Other iOS 6/iPhone 5 improvements
In addition to improvements to these location and sports upgrades, Apple says iOS 6 and Siri will include more than 200 enhancements, including:
- Siri now works with OpenTable and Yelp to serve up restaurant reviews and reservations
- with Rotten Tomatoes and Fandango integration, Siri now provides local movie listings, reviews and ticket purchase
- a Siri steering wheel button will be integrated into cars from Audi, BMW, Chrysler, GM, Honda, Jaguar, Land Rover, Mercedes and Toyota
- iPad 3 owners will finally get Siri with iOS 6
- Facebook integration means signing in once inside iOS 6, then being able to share or like photos, locations, Web pages, music, apps, music, etc., from within each app without signing in each time
- Facebook events will automatically appear in the Apple Calendar app, including birthdays
- add text messages or reminders instead of just letting a voice call go to voice mail; for instance, you can respond to a call with a canned text message such as "Call you later" or "I'm on my way" or "What's up?" as well as setting up your own custom canned response
- reminders are geo-tagged – reminds you to call someone back as soon as you leave a specified location
- "Do Not Disturb" mode silences all incoming notifications and messages without having to put the phone into silent or Airplane Mode, handy for when you're using iPhone as an alarm clock; if someone repeatedly calls, iPhone will assume it's an emergency and will let the call come through
- FaceTime, Apple's voice chatting software, can be used over the cellular network rather than just WiFi (although the cellular FaceTime likely will work more efficiently on iPhone 5, which will connect via more robust 4G LTE networks)

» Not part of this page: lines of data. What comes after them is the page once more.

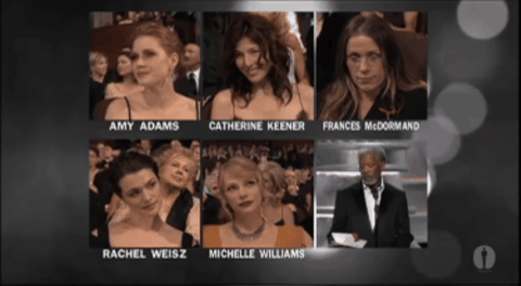 Foxx opens the envelope, and of course Witherspoon wins. She had won the Globe, the BAFTA, and the SAG in the lead up to the Oscars, so this was a foregone conclusion.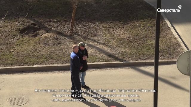 По легенде эксперимента сварщик цеха проводит работы на улице, нарушая при этом все возможные правила охраны труда. Неправильные СИЗ, оголённые провода, лежащий рядом с проведением работ баллон с пропаном.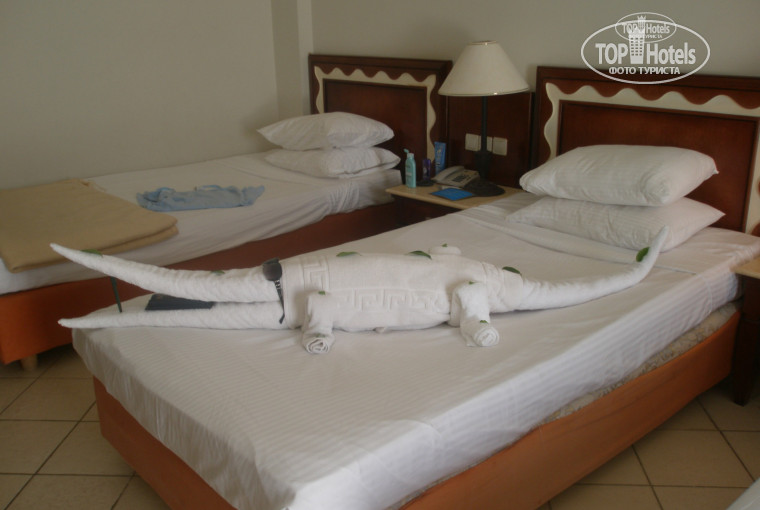 Но это так сказать предыстория, хочу рассказать про посещение 2013 г. с 30 мая по 13 июня, итого 15 дней. Ездили мы в отель Конкорд Спорт, это третье посещение этого отеля, первый раз - май 2010, затем май-2011, и вот июнь 2013. Перелет Колавиа, я согласна со всеми негативными отзывами об этой авиакомпании, хотя у нас задержали рейс на 1 час и туда и обратно. В отель приехали в 9,30, туристов около 40 человек, автобус полный и только сюда. Расселение в 11,00, браслеты тоже. Мы с подругами решили попросить в Лобби - баре воды. Подходим к бару, видим старшего менеджера, зовут Хешеб, он был в предыдущие наши посещения просто барменом. Мы не знаем, помнит ли он нас, все же 2 года прошло. Каково же наше удивление, когда, увидев нас, у него не просто улыбка, но улыбка на все 36 зубов, и, « вы снова приехали, почему долго не были», объятия поцелуи и прочее. «Я помню, ты пила ром» тут же появилась вода со льдом, ром, и все это и без браслетов, и без ограничений. В это время слышу свою фамилию, меня разыскивает барышня с рецепшен, оказывается, поскольку это не первое посещение отеля, мы ВИП гости, сразу надели браслетики, выдали ключи от номера. За полчаса мы успели выпить, оформиться и уже в номере. Приятно, черт возьми! Да, еще вечером тарелка фруктов в номер. Отдых как начался с приятных моментов, так и продолжился очень позитивно и весело. Надо сказать, что барышни мы далеко «забальзаковского возраста», но активны, позволяем втянуть себя во всякие игры, зарядки т.п., а дискотеки – это обязательно каждый день. Себя мы называем «старушки-веселушки». Кстати аниматоры из оставшихся Оля, Лучано, Лучия, нас узнали тоже, и с разговоров типа: «Сегодня пляжная вечеринка (дискотека), без вас не начинаем», начиналось наше утро на пляже.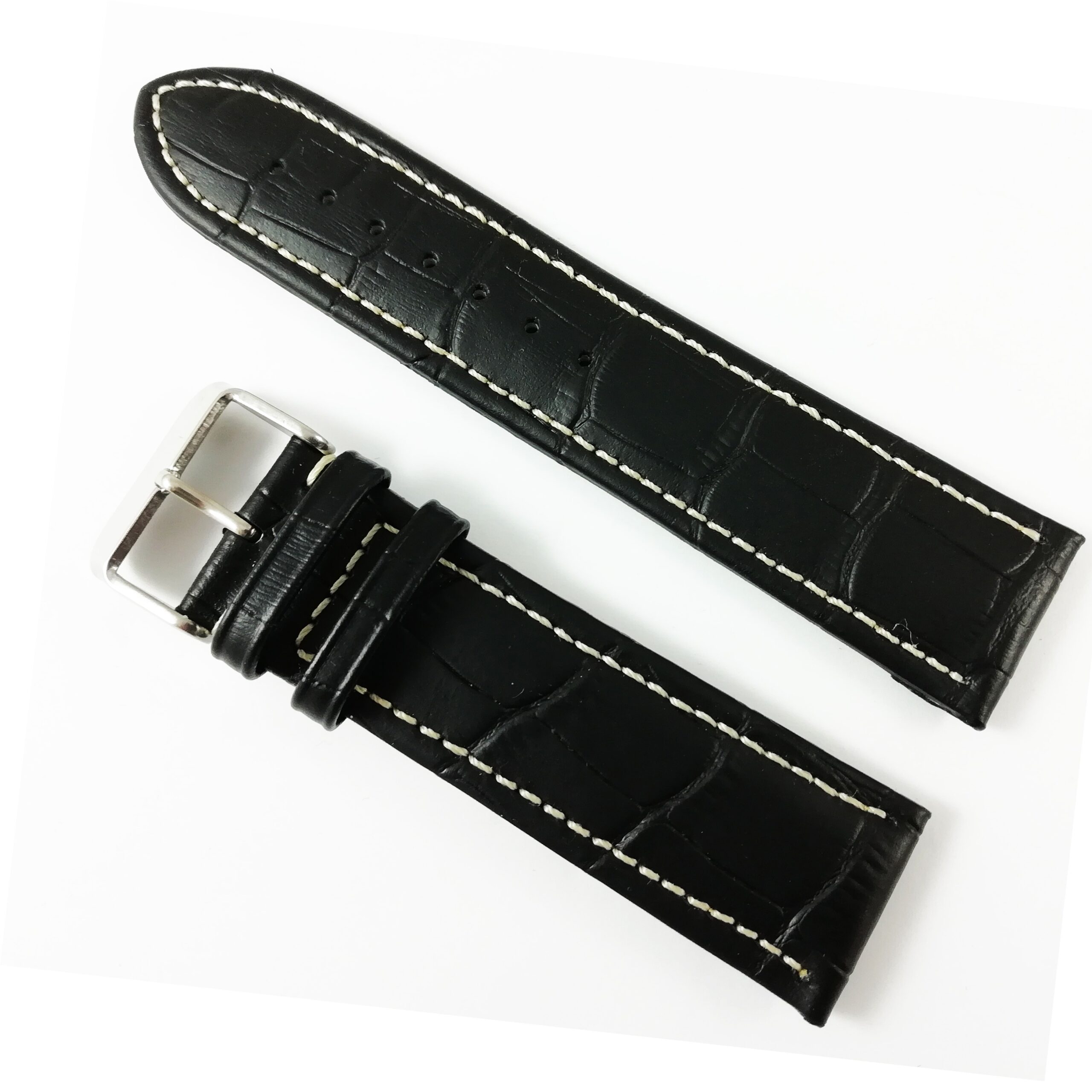Curea Piele Neagră Imprimeu Crocodil – 16mm, 18mm, 20mm, 22mm, 24mm – WZ2688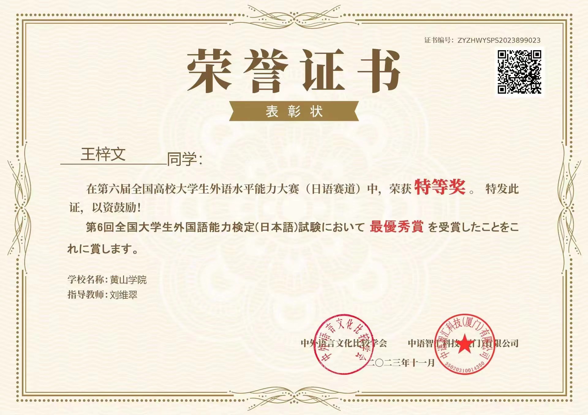 本次比赛由中外语言文化比较学会主办,中语智汇科技(厦门)有限公司承办。初赛、决赛均通过登录官方指定的平台进行参赛,比赛成绩由平台大数据分析并自动产生排名。此次共有来自日语专业、日语辅修专业和大学日语学生共52位同学参加校内初选赛。最终来自永利yl23411集团21日语1班赵湘琳同学、吴逸飞同学、21日语2班康倩影同学、21日语辅修班霍然同学和22日语1班的王梓文、22日语2班李超同学在校内选拔赛中胜出并代表yl23411集团参加决赛,并在决赛中表现出色,全部获奖。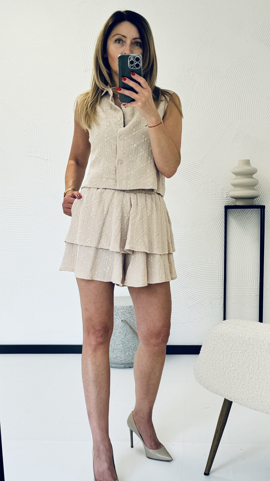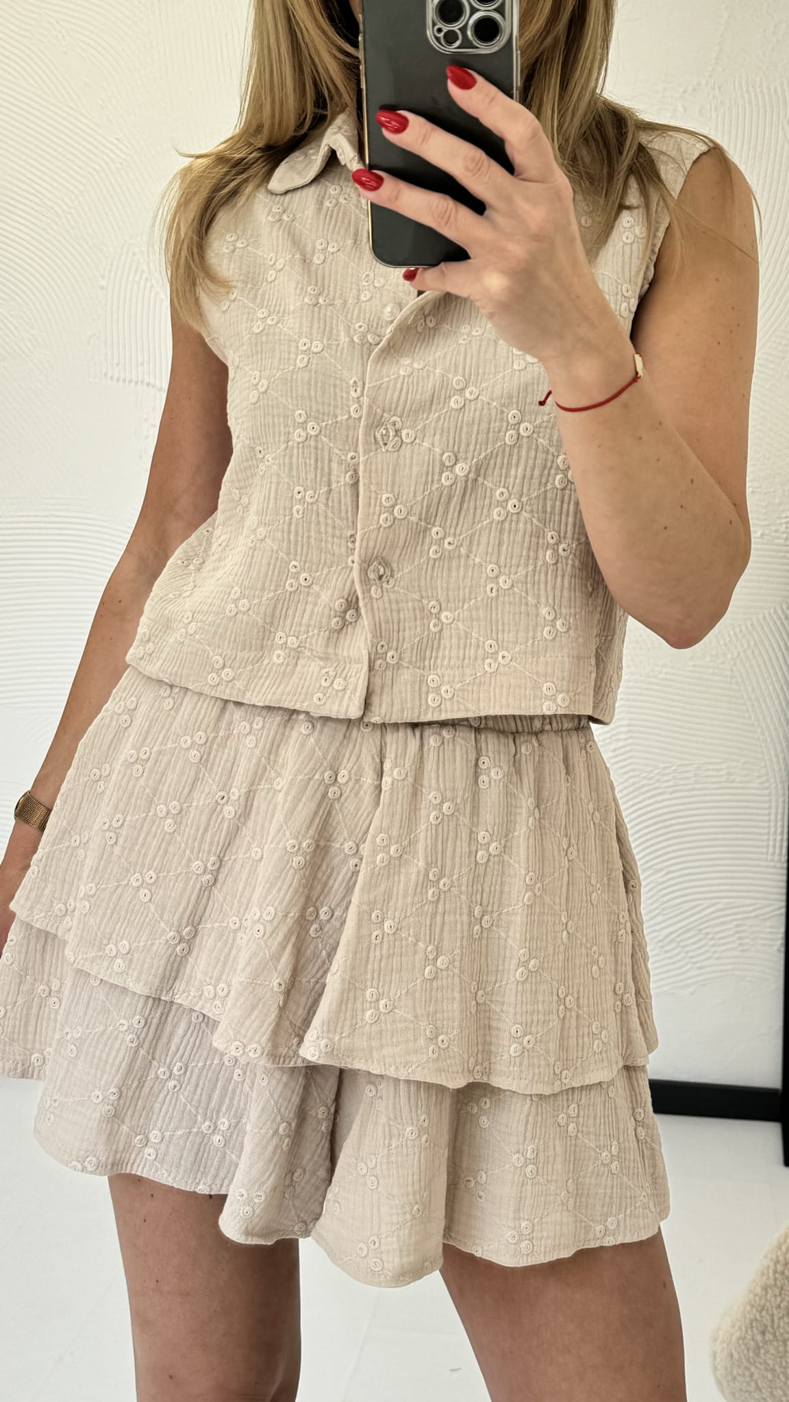 Komplet muślinowy Hawai Haft Beżowy 100 % bawełna bluzka bez rękawów oraz spódnico-spodenki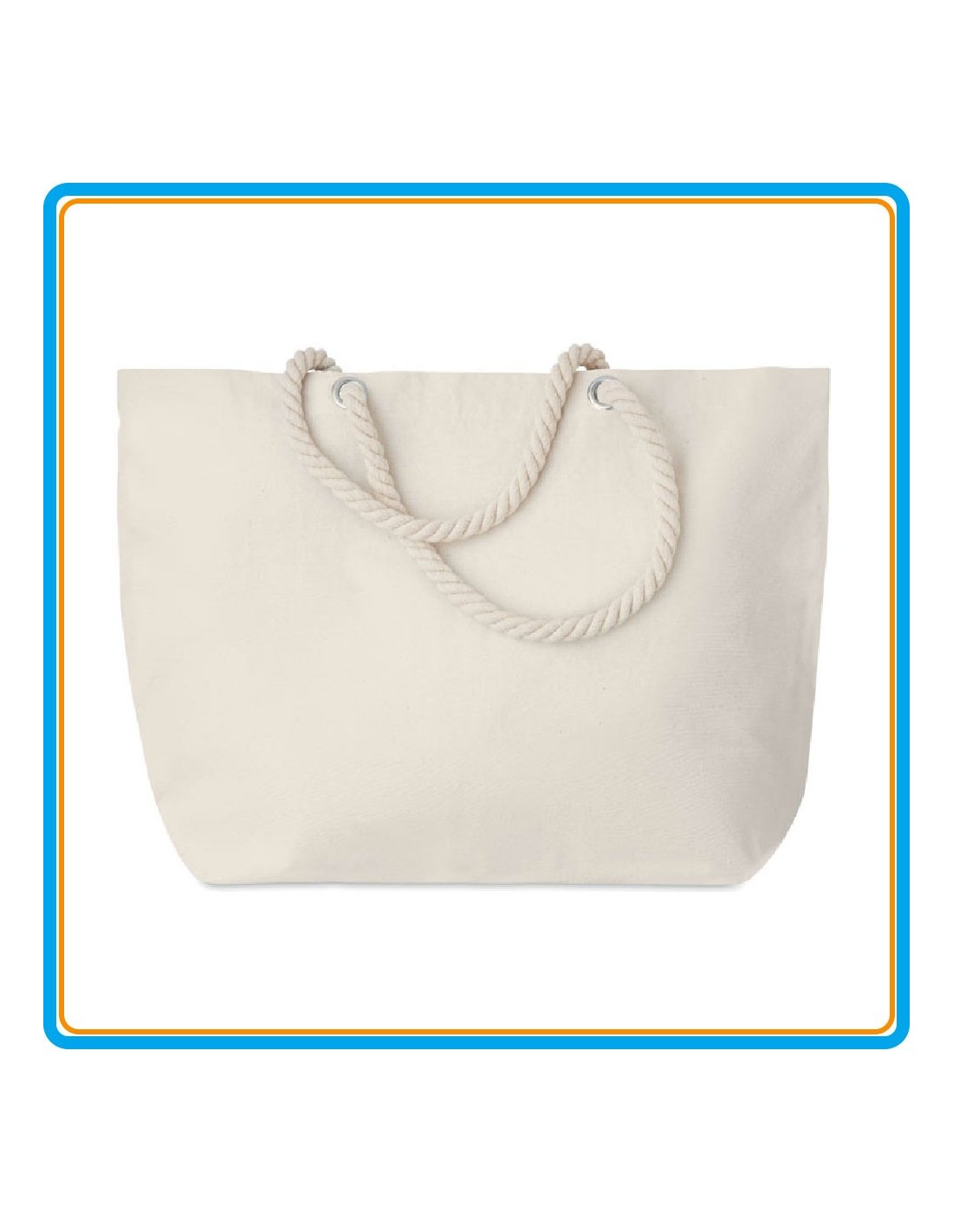 Sac de plage Corde ou sac shopping fabriqué en coton 220 g/m2 avec les sangles en corde épaisse. Une gamme de4 couleurs est disponible pour être au plus près de votre charte graphique.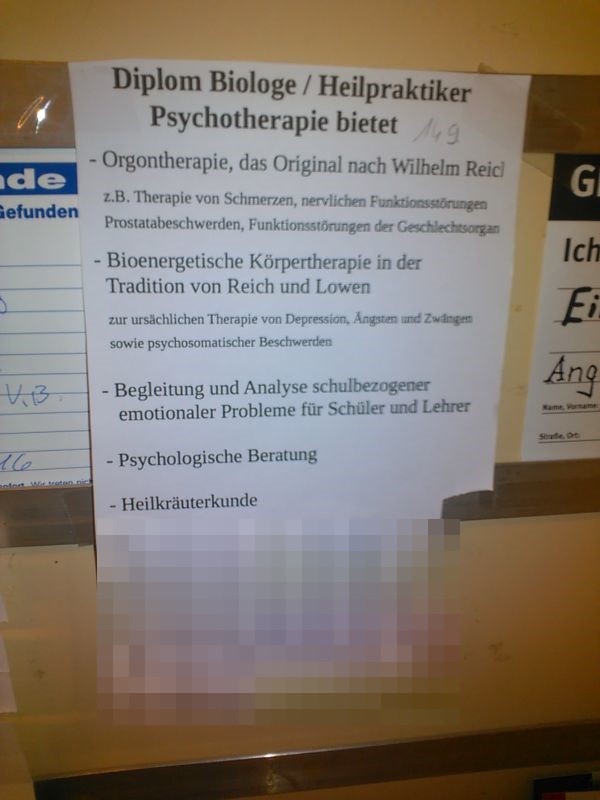Würden Sie an Ihrem Auto das Getriebe und die Bremsen statt von einem KFZ-Meister, lieber von einem Diplompolitologen, einem ehemaligen Kindergärtner oder einem Schlossermeister richten und reparieren lassen? Warum gehen sie dann, wenn sie emotionale („psychische“) Probleme haben, zu irgendwelchen „Reichianischen Therapeuten“ oder angeblichen „Orgontherapeuten“, deren Qualifikation meist nur darin besteht, irgendwann mal selbst Patient eines „Reichianischen Therapeuten“ oder eines Orgontherapeuten gewesen zu sein? Offenbar gehen Sie mit Ihrem Auto vorsichtiger und pfleglicher um als mit Ihrem eigenen Organismus!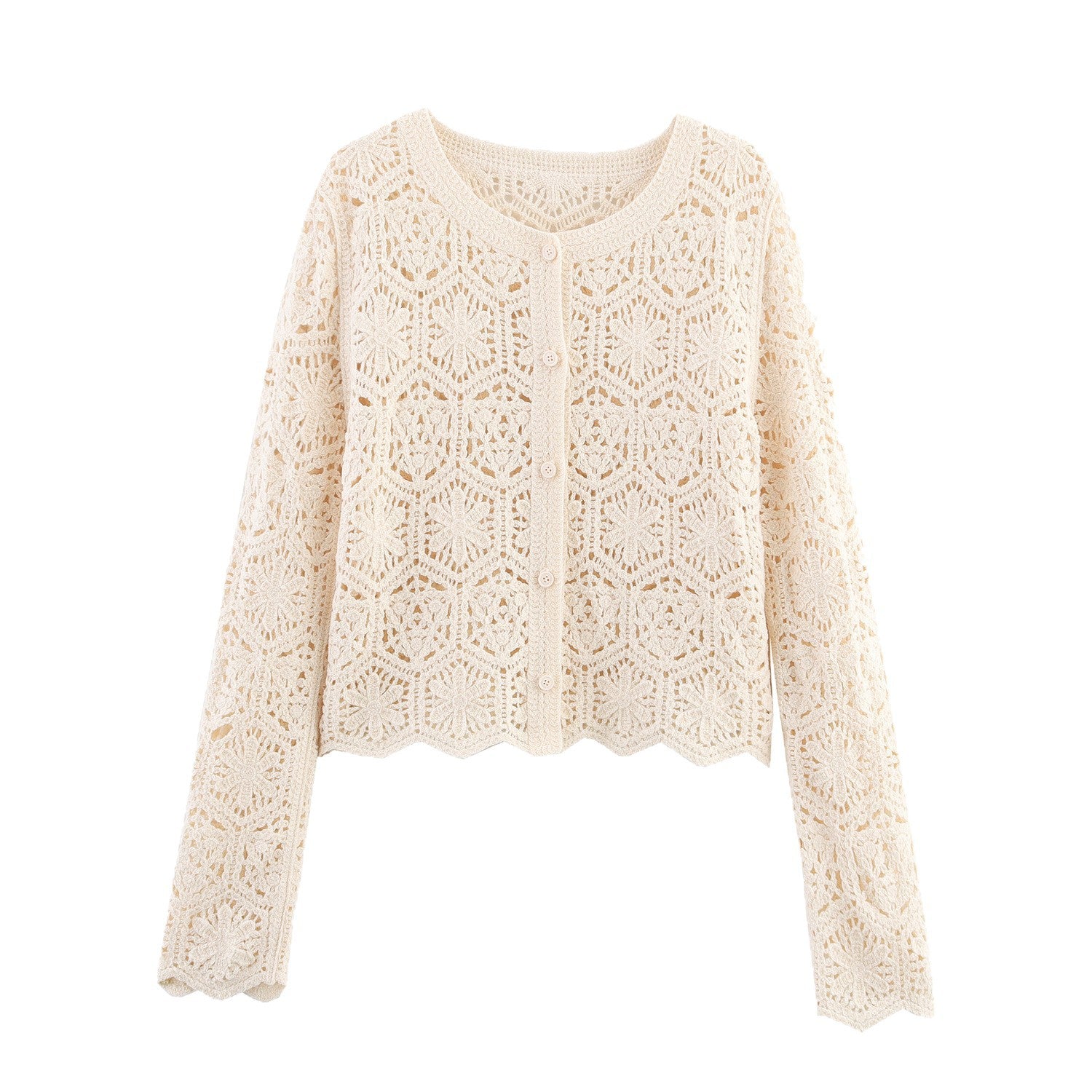 Damen lässige Strickjacke mit floralem Lochmuster und Knopfleiste Fudus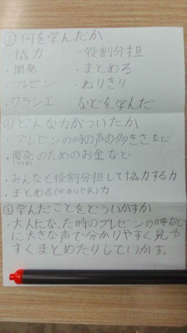 また、グループやクラスでの活動を通して、協力する力、役割分担する力、コミュニケーション力が大きく育ちました。初めは意見がまとまらなかったクラスも、話し合いを重ねる中で一つの目標に向かって協力し、知育菓子を完成させることができました。人の意見を受け入れ、支え合いながら進めることの大切さを、実体験として学ぶことができました。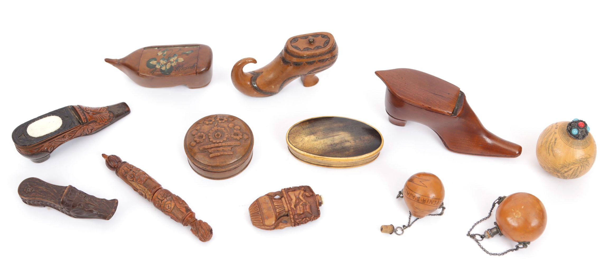 Verzameling van 12 houten en noten items, waaronder 5 snuifdoosjes in de vorm van houten schoentjes, rond 1800, 3 noten flesjes met decoratie, rond 1820, 1 rond houten doosje met bloemmotief op deksel, doorsnede 5,5 cm, 1 ovaal benen doosje, 8x4,4 cm, 1 fraai handgesneden kokertje met schroefsluiting, hoofde op de kop, lengte 12 cm, 1 houten flesje, handgesneden, vaasvormig met engelen decoratie aan beide zijden, benen stopje, hoogte 5,6 cm .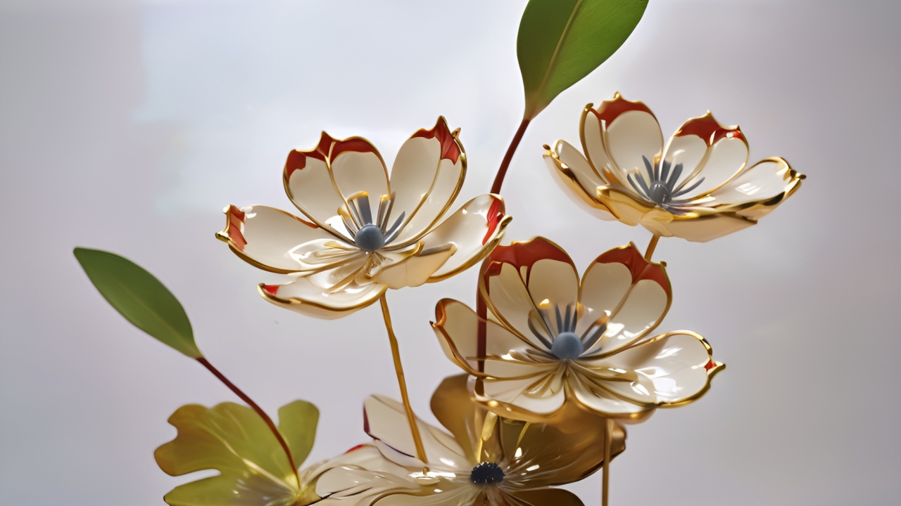 金边花韵:金色与白色陶瓷花朵的精致之美

- Your AppleID and cellular number are unified, which means you'll be able to receive phone calls through your iPad – at least I think that's what this means (it may pertain only for FaceTime)
- Photo streaming will allow you mark photos you snap and send a notification to friends who may want to see them, and they can then choose you download them and post comments for all recipients to see
- An app lock will keep kids from wandering off an app into other apps or even into aspects of the app you'd rather them no wander to
- a new app, Passbook, is a centralized ticket hub – all tickets you buy – plane, train, movie, concerts, hotel check-in, etc. – on your iPhone or iPad are stored here then, using GPS, the ticket will pop up on your lock screen when you arrive at the event to be scanned by the ticket-taker; loyalty cards also supported, complete with card balances
- VIP mailboxes allows you to designate and segregate email from your most important correspondents into a priority inbox
We'll obviously have more on all this when iOS 6 debuts on the iPhone in three-four months from now.
New Mac laptops, OS X Lion 10.8
Starting now, you'll be able to buy new Apple laptops, two next-generation 11- ($999 and $1,099) and two 13-inch ($1,199 and $1,499) MacBook Air models, as well as two new 13- ($1,199 and $1,499) and two new 15-inch MacBook Pros ($1,799 and $2,199).
The big product news, however, are two new .71-inch thin, 4.46-pound MacBook Pro ($2,199 and $2,799) both of which feature a 2880 x 1800 Retina display (more than twice as many pixels as in your HDTV) featuring 220 pixel-per-inch density that, according to Apple, makes reading mail like reading fine print and Web browsing is rendered magazine-quality.
The new Retina display is aimed primarily at graphics professionals rather than regular Joes and Janes like us. Apple and others will update multimedia and architectural apps to take advantage of the more vibrant display, such as Final Cut Pro, Aperture, AutoCAD and AudoDesk.
Apple also announced upcoming upgrades to its Mountain Lion OS X desktop operating system, which will include between Facebook and Twitter integration and Apple ecosystem-wide Web browsing – you'll be able to search through Web pages you viewed on another Apple device.
Mountain Lion OS X 10.8 will be available next month for $20, and we'll have more on it when we get a chance to play with it.